Probate & Estate Administration

Reading a Will After Death UK: When Wills Are Read and What Really Happens

By Richard Woods, Founder·Updated 11 June 2026·5 min read·England & Wales

What really happens after someone dies with a will

StepWhat happensTypical timing
Locate original willExecutor finds will (home, solicitor, storage service, National Will Register)Days after death
Death registeredFamily registers death; death certificate obtained from Register OfficeWithin 5 days of death
Executor reads will privatelyExecutor understands contents — no ceremony, no meeting requiredImmediately on finding will
Value estate; prepare IHT accountExecutor values all assets and liabilities; IHT400 or excepted estate formWeeks to months
Pay Inheritance TaxIHT paid via IHT423 direct payment scheme or by executor; required before probate6 months after month of death (due date)
Apply for grant of probatePA1P application to HMCTS Probate Registry with original will, death certificate, IHT docsTypically 4-16 weeks for grant
Will becomes public documentGrant issued; will and grant searchable at probatesearch.service.gov.ukOn issue of grant
Notify beneficiariesExecutor (or solicitor) contacts each beneficiary individually in writingAfter grant; no ceremony
Collect assets, pay debts, distributeExecutor administers estate; pays residue to beneficiariesMonths to years depending on complexity

Frequently asked questions

Is there a formal will reading ceremony in England and Wales — do families gather to hear the will read out?

No.

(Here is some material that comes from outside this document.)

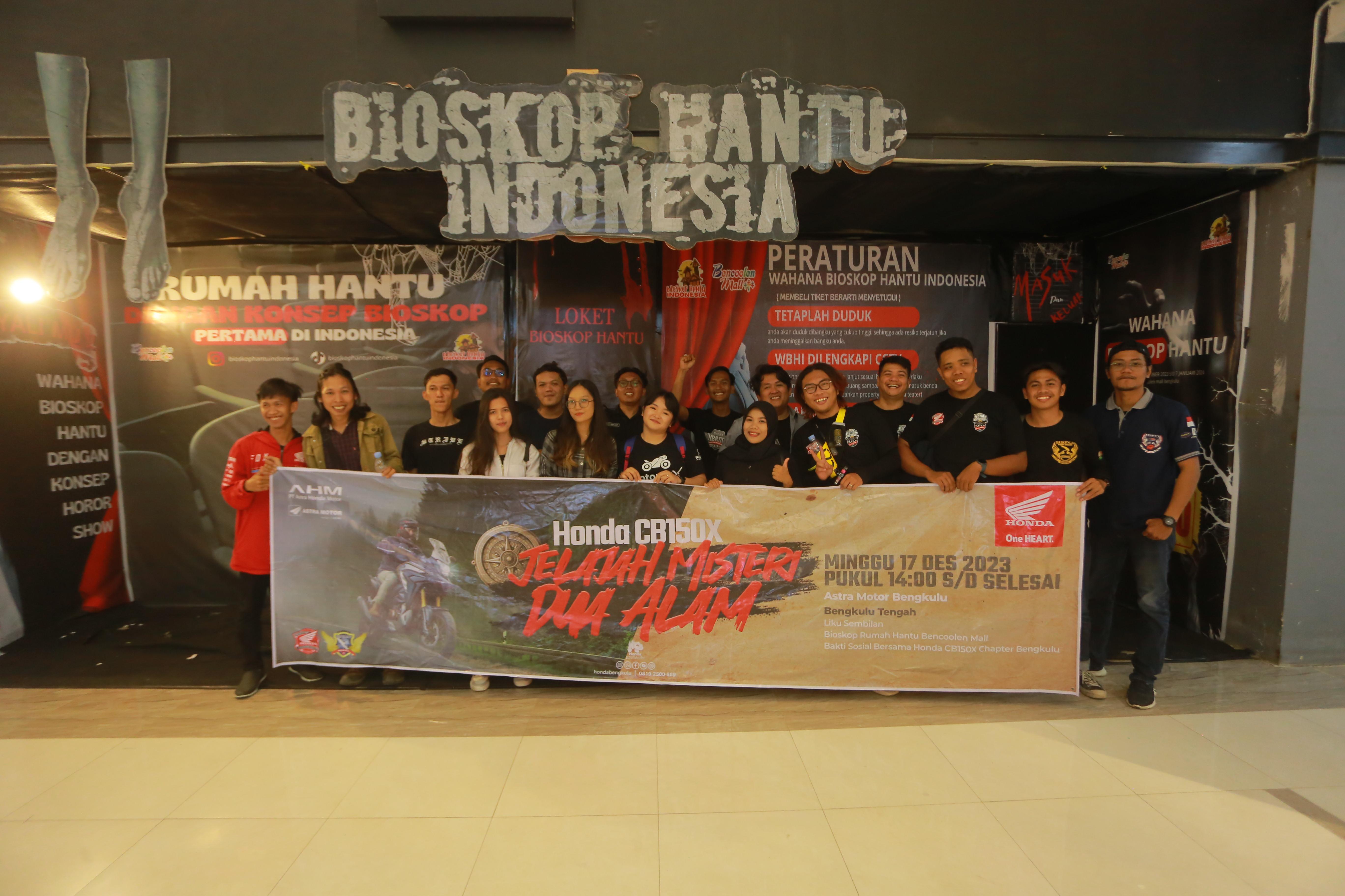 Bengkulu - Jelajah Misteri Dua Alam kembali di gelar oleh Astra Motor Bengkulu, Minggu (17/12). Berkolaborasi dengan Komunitas Honda CB150X Chapter Bengkulu, 25 bikers yang terlibat dalam kegiatan ini diajak untuk mengeksplore tempat wisata Liku Sembilan dan jelajah misteri di bioskop rumah hantu Bencoolen Mall.

The 'will reading ceremony' — where family members gather in a solicitor's office or drawing room to hear a will read aloud — is a fiction that originated in Victorian literature and has been perpetuated by film and television. It does not exist in English law and is not a required or standard step in estate administration in England and Wales. What actually happens is far more prosaic: the executor (the person named in the will to administer the estate) locates the original will, applies to the Probate Registry for a grant of probate, and then contacts beneficiaries individually — usually in writing — to inform them of their entitlement. If the estate is handled by a solicitor, the solicitor may write directly to each beneficiary on the executor's behalf. There is no legal requirement for the executor to hold a meeting of all beneficiaries, to read the will aloud to anyone, or to make a formal announcement. In practice, beneficiaries are informed at different times and often simply receive a letter (or email, or call) from the executor or their solicitor explaining what they have been left and the approximate timeline for payment or transfer. The only formal 'reading' occurs incidentally — if the executor or their solicitor goes through the will paragraph by paragraph with a beneficiary to explain its contents, that is a practical aid to understanding, not a legal ceremony.

What actually happens to the will when someone dies — what is the process?

The process after death follows a broadly consistent sequence: (1) LOCATING THE WILL: the executor's first task is to find the original will. Wills are commonly kept at home (in a safe or filing cabinet), stored with a solicitor, held at a will storage service, or registered with the National Will Register. If the deceased told family where the will was kept, the executor goes there directly. If not, the executor may need to search through papers, contact solicitors who acted for the deceased, or write to will storage services. The original, signed, and witnessed will document is what matters — a copy is not sufficient for probate unless the original cannot be found, in which case there is a specific procedure to prove a lost will; (2) READING THE WILL (BY THE EXECUTOR): the executor reads the will privately to understand its contents — who is appointed executor (if not already known), who are the beneficiaries and what do they receive, are there any trusts created, are there any conditional gifts or powers of appointment; (3) OBTAINING THE DEATH CERTIFICATE: the death must be formally registered and a death certificate obtained (from the Register Office) before probate can be applied for; (4) VALUING THE ESTATE AND DEALING WITH INHERITANCE TAX: before applying for probate, the executor must value all assets and liabilities, prepare an Inheritance Tax account (IHT400 or IHT205/IHT217 for excepted estates), and arrange payment of any IHT due. IHT must be paid before probate is granted; (5) APPLYING FOR PROBATE: the executor submits the original will, the IHT forms, the death certificate, and the PA1P application to the Probate Registry (HMCTS). The Probate Registry issues the grant of probate — the sealed document confirming the will is valid and the executors have authority; (6) NOTIFYING BENEFICIARIES: once the executor has the grant, they (or their solicitors) contact beneficiaries to explain what they are to receive and the timeline; (7) ADMINISTRATION AND DISTRIBUTION: the executor collects assets, pays debts, and distributes the estate to beneficiaries.

When does a will become a public document — can anyone read someone's will after they die?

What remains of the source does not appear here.